Черт, а я уж наивно понадеялся, что тема закрыта. Да уже и пик раздражения как-то сам собой рассосался. Мне вообще не хотелось с ней говорить. Хотелось уйти прочь и оставить ее стоять посреди склада.
— Ни на что, забудь, — махнул рукой я, потянувшись за стоящей неподалеку табуреткой. — Я достаю, ты принимаешь, лады? Сложи их пока в одну кучу, дальше там разберемся.
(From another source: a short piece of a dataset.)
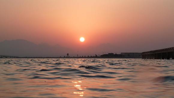 Blick vom Meer zum Sonnenuntergang

Славя кивнула. Хрустнув позвонками, я взгромоздился на табурет и, чуть привставая на цыпочки, принялся поочередно передавать активистке свертки.
— Что случилось? — таки не смогла блондинка тишину сохранить. — Мне казалось, что ты начал меняться, но…
— Ох, давай не будем, — кисло откликнулся я.
Но та не намерена была отступать.
— Максим, ты ведь часть нашего коллектива. Тут дело ведь даже не в том, что я помощница вожатой, просто…
— Не надо просто, — сухо ответил я. — Ты не видишь, что я не хочу говорить? Нахрен ты мне допрос устраиваешь? Отстань, пожалуйста!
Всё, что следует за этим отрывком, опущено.